I can always find something that "needs" doing out there. :lol:


----------



## aldra (Jul 2, 2009)

funny that Tony

So can Albert :lol: :lol: 

Although nothing really changes out there and being new not a lot needs doing

He's never as enthusiastic to get out there when we come back from a trip though :lol: :lol: :lol: 

Aldra

ps we keep ours plugged in too


----------



## listerdiesel (Aug 3, 2012)

pippin said:


> I agree about keeping the batteries on charge via hook-up, or solar.
> 
> Allowing any lead acid battery to drop below 13.8V (dependent upon battery type) for any length of time will seriously reduce its life.


Not quite right, as 13.80V is the standard operating float voltage for most lead-acid batteries, if they weren't on charge at that rate, they would naturally drop back to 12.5 to 12.7 volts.

The danger point is where the terminal voltage gets to just over 2.00 volts per cell, say 12.30V - 12.40V for a 12V battery. Once you get into that range of voltages, you are in a semi-discharged situation, and that is not good.

Keep the battery topped up or leave on a float charge that the battery will accept for long periods.

Peter


----------



## pippin (Nov 15, 2007)

You are, course, quite correct Peter.

I was generalising.


----------



## Pudsey_Bear (Sep 25, 2008)

nicholsong said:


> far too many Birthdays/Name days/Easters/Christmasses here in Poland.
> Geoff


Surely you still only get one Christmas and Easter each year even in Poland :wink: :wink:


----------



## Pudsey_Bear (Sep 25, 2008)

Nice new avatar Peter :wink:


----------



## nicholsong (May 26, 2009)

Kev_n_Liz said:


> nicholsong said:
> 
> 
> > far too many Birthdays/Name days/Easters/Christmasses here in Poland.
> ...


Kev

I am sure you understood that 'too many' referred to the collective total. :roll:

Geoff


----------



## pippin (Nov 15, 2007)

No he didn't Geoff - Kev really is that thick! :bazooka:

Meant in jest not :cya:


----------



## nicholsong (May 26, 2009)

pippin said:


> No he didn't Geoff - Kev really is that thick! :bazooka:
> 
> Meant in jest not :cya:


What does 'CYA' mean in Welsh?

Not many Welsh-English dictionaries in Poland 

Thinks? maybe there is a market opportunity :roll: :lol:

geoff


----------



## pippin (Nov 15, 2007)

I rather think that "cya" is text speak for "see you".

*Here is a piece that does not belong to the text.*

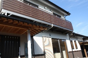 | 外回りの壁は漆喰仕上げ、シブイタなどで仕上げ、純和風のお家になりました。 |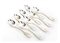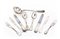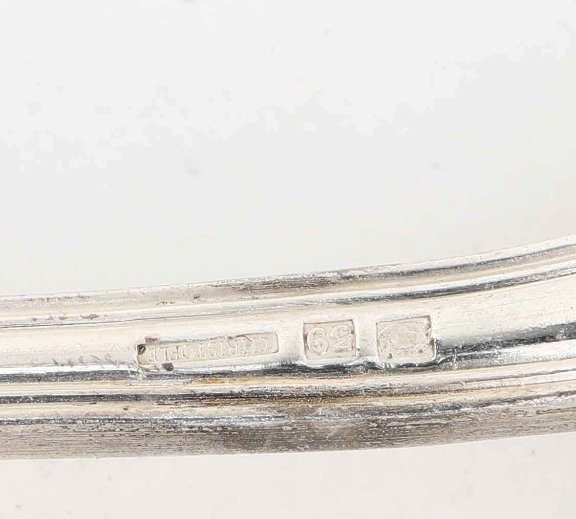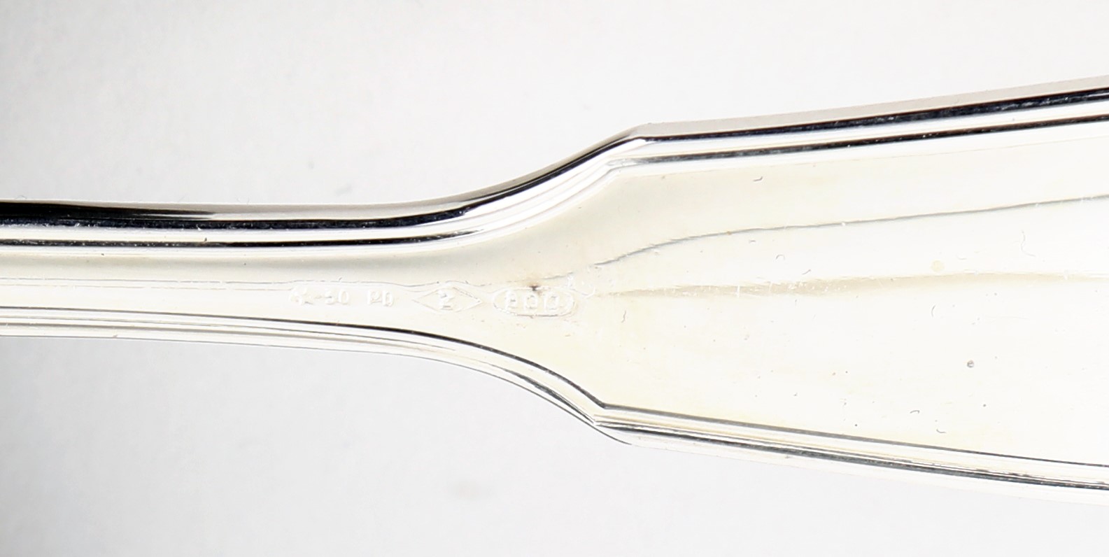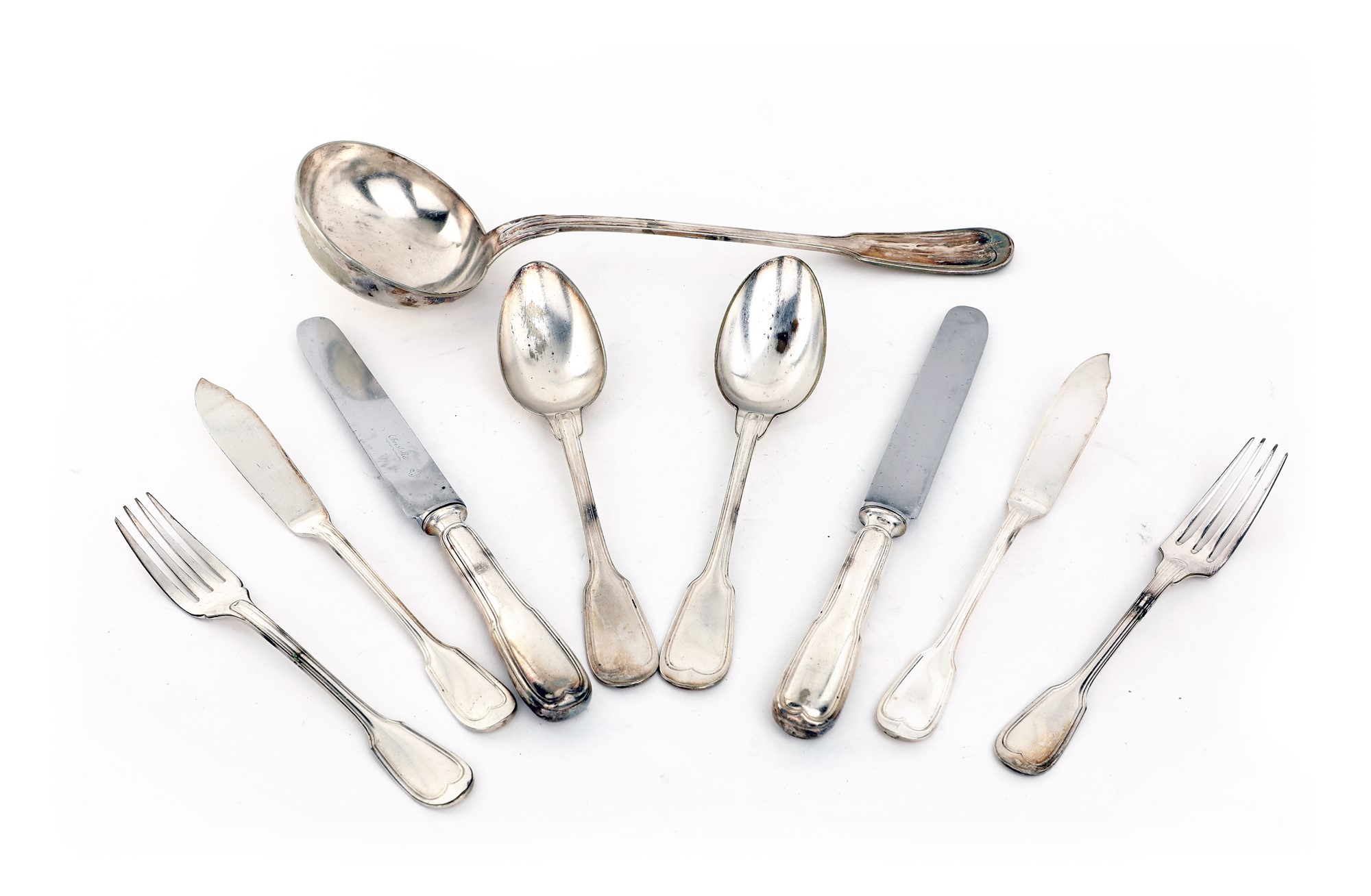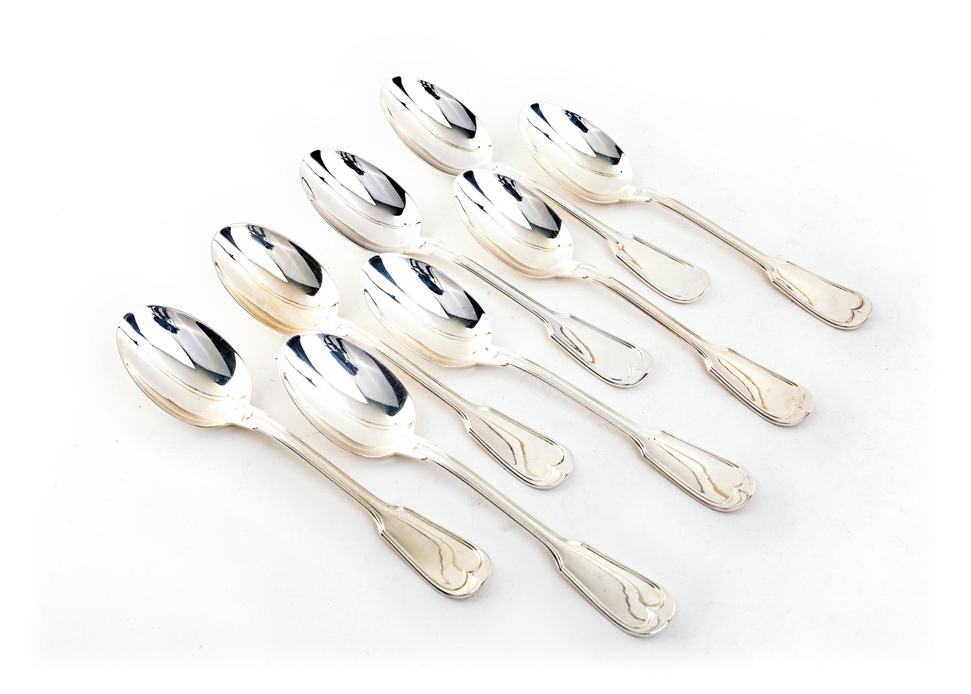 Otto cucchiai da dolce in argento uniti ad un servizio di posate Christofle dalle analoghe caratteristiche, composto da due cucchiai da minestra, cinque coltelli da pasto, quattro coltelli e due forchette da frutta, sei coltelli da pesce, quattro forchette da dolce e un ramaiolo, cm 16,7 - gr. 326

In Morse Code we would send "SU" because it consists mainly of dots with only one dash.

_Not many Welsh-English dictionaries in Poland _

No, but there are a heck of a lot of Poles here in Wales who might find one useful!


----------



## Pudsey_Bear (Sep 25, 2008)

nicholsong said:


> Kev_n_Liz said:
> 
> 
> > nicholsong said:
> ...


You are correct :wink: :wink:


----------